Nida Azwer, who is all set to exhibit her FPW collection “Arabesque” at Labels the coming week, stresses the importance of price points to be able to cater to a wide range of customers, citing a starting point of Rs 2500 for her collection.
One then has to ask then what kind of production mechanisms have to be set in order for fashion houses to cope with design and productions demands preceding and following fashion weeks.
Umair Tabani explains that it usually does end up taking about 6 weeks from their collection to make it to retail outlets with all customised components ready before they begin production – including digital prints, embroidered fabric, etc.
Shamaeel maintains that there is a 2-3 month rotation period, but stock is prepared well in advance of fashion week, in fact, she had already shipped out the collection to India before it exhibited in Karachi, as she explains the aspect of “rolling it out.”
Nida Azwer's collection, titled 'Arabesque'. -Photos by Tapu Javeri |
Well-versed in the production aspect, she is sending her current collection to several other retail outlets within Pakistan, as well as, Singapore and Dubai. Nida Azwer along with supplying to nationwide stores, will be exporting her current collection to eight international locations.
“You have to keep a chain going, but one does need a healthy financial status to keep it this way” Shamaeel maintains.
Zahir Rahimtoola, CEO of the multi-brand store Labels, and one of the first retailers to offer looks for sale on his e-store Labels, straight off the runway, points out the most basic drawbacks even within this mechanism. Our fashion industry is not yet equipped to supply to international markets lacking industry-wide standardisation of sizes, quality control mechanisms, etc, he says.
Another factor cutting into retail margins is mass retail brands such as Bonanza, Nishat and Khaadi, stepping in where designers fall short to cover the retail gap, he continues.
This cycle then further dissuades designers from stepping into the retail arena as production on such a mass scale is hard to compete with, especially for those new to the industry.
Let’s not forget then, the relationship between the consumer and a design house, whether old or new, is facilitated and formed by the fashion council, who provide designers a platform to showcase their latest wares. To what extent then do fashion councils help facilitate the business process of showcasing fashion?
“The councils not only invite the press, but a lot of buyers as well, not just retailers but private customers as well.” Says Shamaeel. Umair Tabani agrees, “There is great exposure to media, buyers and potential business collaborations.”

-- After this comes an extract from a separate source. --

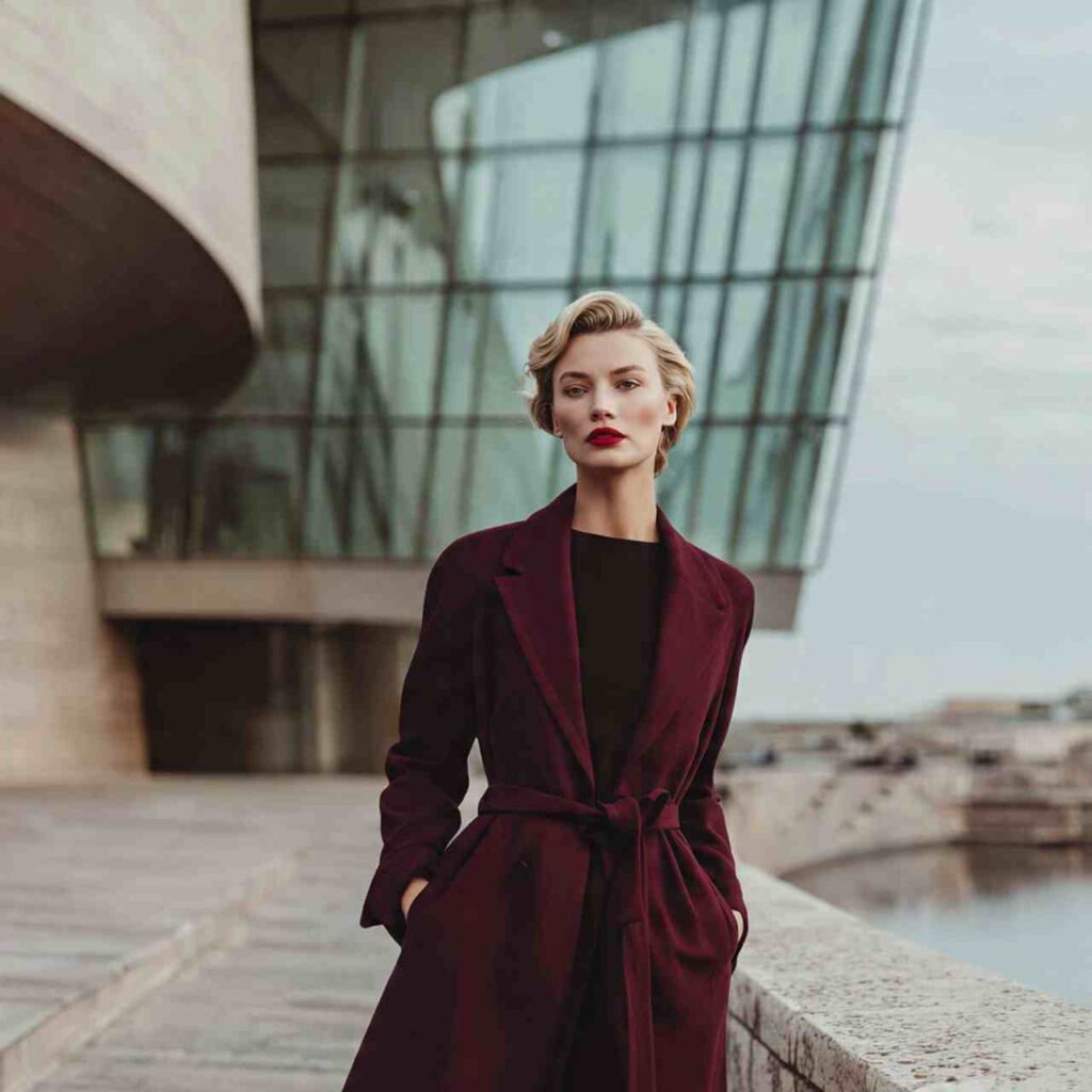 A wrap-style wool coat in deep burgundy over simple black basics creates statement outerwear elegance. The coat’s structure and color provide all necessary interest.

Nida Azwer especially applauds the platform in encouraging young designers, and reminds us that whether able to create their own production lines or not, there is always the possibility of a young designer being recruited by a larger design house to freelance, etc.
Sania Maskatiya's collection, titled 'Dancing Dolls'. -Photos by Tapu Javeri |
It seems that everything may be agreeable in this formula, creative designs, a successful showcase at FPW and appreciative audience and buyers. But at the end of it all, if a designer him/herself does not take the initiative to sell his designs, there’s precious little the council can do to change this. Especially when the media cannot guarantee exposure, as only favorable collections are likely to be covered.
Shamaeel blames it more on a business sensibility that one must formulate.
“More than production capability, it has to do with ethos,” she explains. A business sensibility or model is imperative to create a niche. Zahir agrees, stressing how 70 per cent of a fashion week has to be focused on the business aspect of it, until which no real change will come about.
In fact, there is always a way to reach out to the consumer, even if your production processes are not up to mark.
“When we’ve had production problems, we’ve taken orders on them, but we’ve always made clothes that can sell. And that’s the mark of a mature designer,” she concludes.